Glaser Sally L, Canchola Alison J, Keegan Theresa H M, Clarke Christina A, Longacre Teri A, Gulley Margaret L
Cancer Prevention Institute of California, 2201 Walnut Avenue, Suite 300, Fremont, CA, 94538, USA.
Department of Health Research and Policy (Epidemiology), Stanford Medicine, Stanford, CA, 94306, USA.
Cancer Causes Control. 2017 Apr;28(4):273-287. doi: 10.1007/s10552-017-0865-3. Epub 2017 Feb 22.
A relationship of Epstein-Barr virus (EBV) and breast cancer etiology and outcome may have clinical utility and potential to enhance understanding of tumor biology. Research to date has yielded variable results, likely reflecting differing virus detection assays and unaddressed epidemiologic heterogeneity across studies.
Applying our novel, five-target assay detection strategy in an exploratory study, we examined demographic, clinical, and tumor characteristics, and overall survival, associated with EBV positivity in breast adenocarcinomas from 59 non-Hispanic white and 68 Hispanic women sampled by age (<50, 50+) and stage (localized, regional/remote) and examined associations based on single assay targets.
EBV was localized only to lymphocytes. Nevertheless, viral prevalence, although low, varied across patient subgroups. Adjusted odds ratios (OR) for EBV positivity were lower for younger Hispanic than white women (p = 0.05), and marginally higher for larger [OR (95% confidence intervals) 1.03 (1.00-1.05) per mm increase] and right-sided [2.8 (0.97-7.8)] tumors. In whites, ORs were marginally higher for larger tumors [1.04 (1.00-1.07)] and marginally lower for age 50+ [0.24 (0.06-1.03)]; in Hispanics, ORs were higher for ER negative [5.6 (1.1-30.5)], and marginally higher for right-sided, tumors [5.8 (0.94-36.2)]. Survival was suggestively poorer for EBV-positive than EBV-negative tumors in older women with localized disease. EBV associations differed across single assay targets, indicating variation in prior findings likely due to assay performance.

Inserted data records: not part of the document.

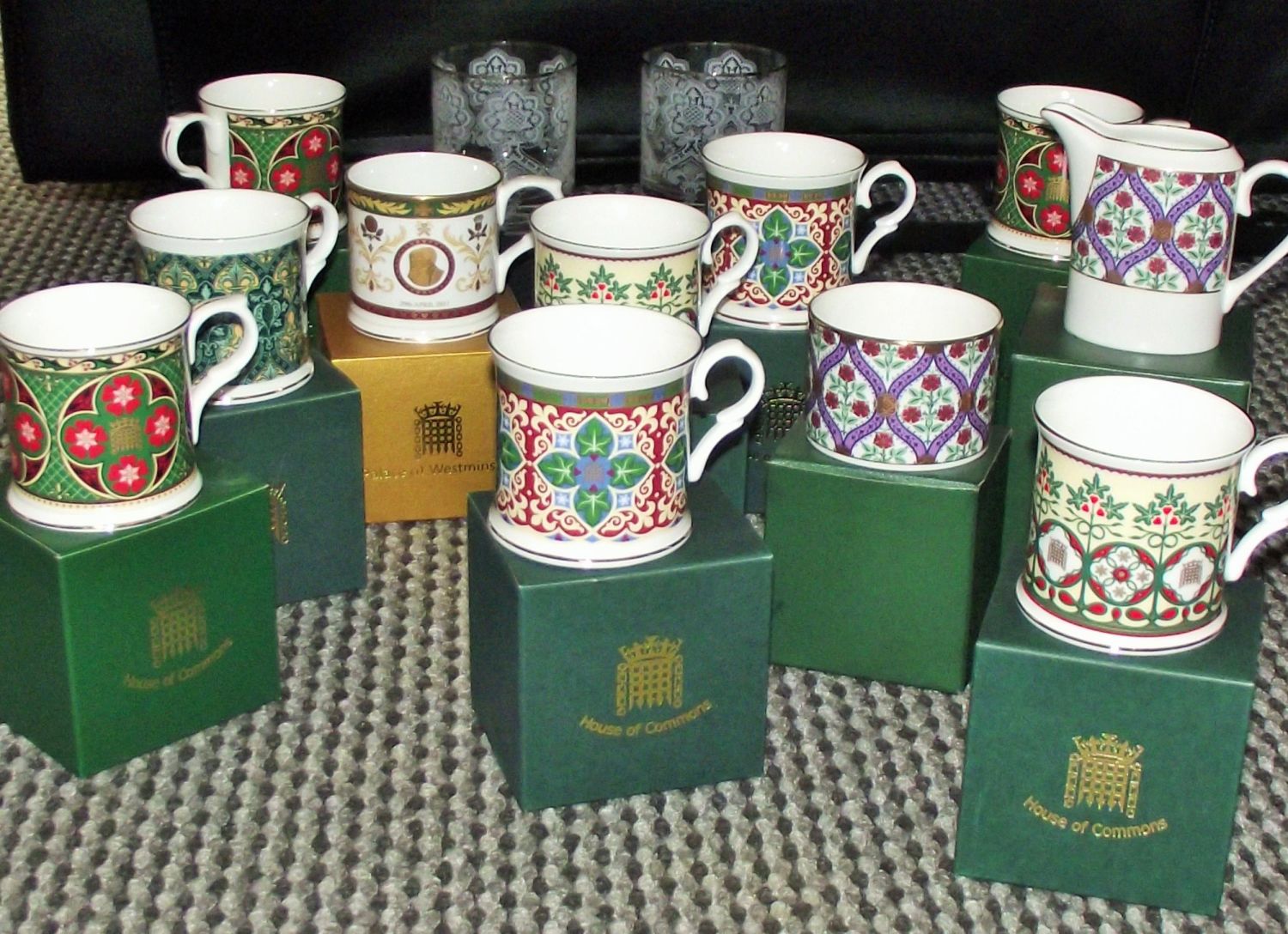 Selection of boxed Rare ltd edition mugs ( limited to 1000 production) exclusively made for House of Commons & Palace of Westminster each mug numbered + 2x Houses of Commons engraved whisky tumblers + cream jug exclusively made for House of commons (13)
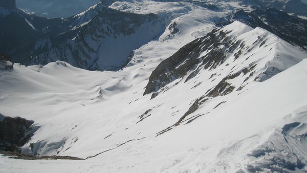 Pour la Nord Est du Petit Veymont c'est une autre histoire... Je me suis engagé dedans malgré son aspect car sous la corniche c'était grain fin, 50m plus bas c'était béton vitrifié... Demi-tour et remonté en plein cagnard de la Face Sud et retour sur Gresse pas l'autoroute de la voie normale du pas de la Ville. La neige n'est pas mauvaise dans cette descente (trop mou vers 1h), mais encore de la poudre à l'ombre.
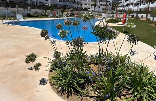 Lovely and cheerful apartment with communal pool in San Juan de los Terreros, Andalusia, Spain for 6 persons. The apartment is situated in a holiday complex with bar and restaurant, in a coastal and mountainous area, close to supermarkets and a tennis court and at 500 m from the beach.
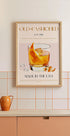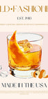 En retroinspireret plakat af Old Fashioned cocktail med et whiskeyglas, appelsinskal og isterninger. Med tydelig typografi og vintage design hylder dette kunstværk den tidløse amerikanske cocktail. Perfekt som køkkendekoration, barplakat eller til hjemmebaren.
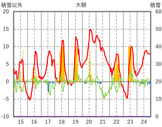 | 日 | 時 | 気温 | 降水 | 風向/風速 | 日照 | 積雪 | 降雪 |
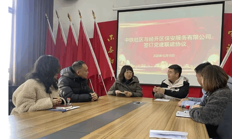 为深入学习贯彻习近平新时代中国特色社会主义思想和党的二十大精神,2025年12月15日下午3时,郑州市保安服务集团有限公司经开分公司党支部与明湖办事处中铁社区总支部在中铁社区举行党建联建协议签约仪式。
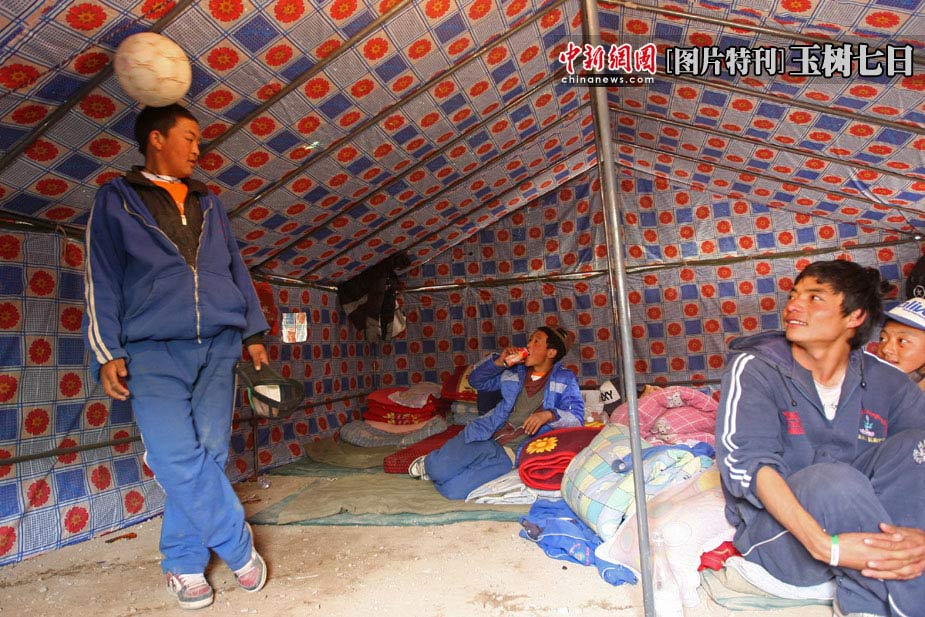 2010年4月19日,青海玉樹縣結古鎮(zhèn)玉樹縣第一民族中學的學生宿舍帳篷內,德尕扎西(左)在其他同學面前表演球技,稱自己是“C羅”。中新社發(fā) 盛佳鵬 攝
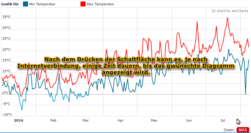 Diagramm - Jahresdurchschnittstemperatur berechnet auf den aktuellen Tag
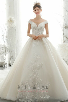 Свадебное платье длинный С плеча качели Природные Талия крышками рукава Королевский поезд
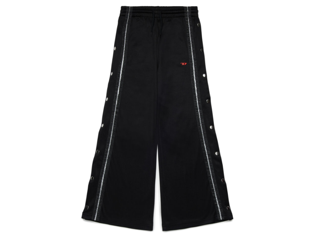 Tepláky z měkké technické směsi bavlny, s širokými nohavicemi a zapínáním na druky podél bočních švů. Elastický pas se stahovací šňůrkou a kontrastními pruhy, doplněný malým logem D na přední straně pro výrazný akcent.

The differing EBV associations by age and race/ethnicity suggest a non-random role of EBV in breast cancer and support further study using multi-target assays, relevant epidemiologic design, and a larger study sample.
爱泼斯坦-巴尔病毒(EBV)与乳腺癌病因及预后之间的关系可能具有临床应用价值,并有助于加深对肿瘤生物学的理解。迄今为止的研究结果不一,这可能反映了不同的病毒检测方法以及各研究中未解决的流行病学异质性。
在一项探索性研究中,我们应用新颖的五靶点检测策略,对59名非西班牙裔白人女性和68名西班牙裔女性的乳腺腺癌进行了研究,这些女性按年龄(<50岁、50岁及以上)和分期(局限性、区域/远处)进行抽样,检测了EBV阳性与人口统计学、临床和肿瘤特征以及总生存率之间的关系,并根据单一检测靶点研究了相关性。
EBV仅定位于淋巴细胞。然而,病毒流行率虽低,但在不同患者亚组中有所差异。西班牙裔年轻女性EBV阳性的校正比值比(OR)低于白人女性(p = 0.05),而肿瘤较大[每增加1毫米,OR(95%置信区间)为1.03(1.00 - 1.05)]和右侧肿瘤[2.8(0.97 - 7.8)]的校正比值比略高。在白人中,肿瘤较大时OR略高[1.04(1.00 - 1.07)],50岁及以上时OR略低[0.24(0.06 - 1.03)];在西班牙裔中,雌激素受体阴性肿瘤的OR较高[5.6(1.1 - 30.5)],右侧肿瘤的OR略高[5.8(0.94 - 36.2)]。在患有局限性疾病的老年女性中,EBV阳性肿瘤的生存率似乎比EBV阴性肿瘤更差。EBV的相关性在单一检测靶点之间存在差异,这表明先前研究结果的差异可能是由于检测性能所致。
EBV在年龄和种族/民族方面的不同相关性表明其在乳腺癌中具有非随机作用,支持使用多靶点检测、相关流行病学设计和更大的研究样本进行进一步研究。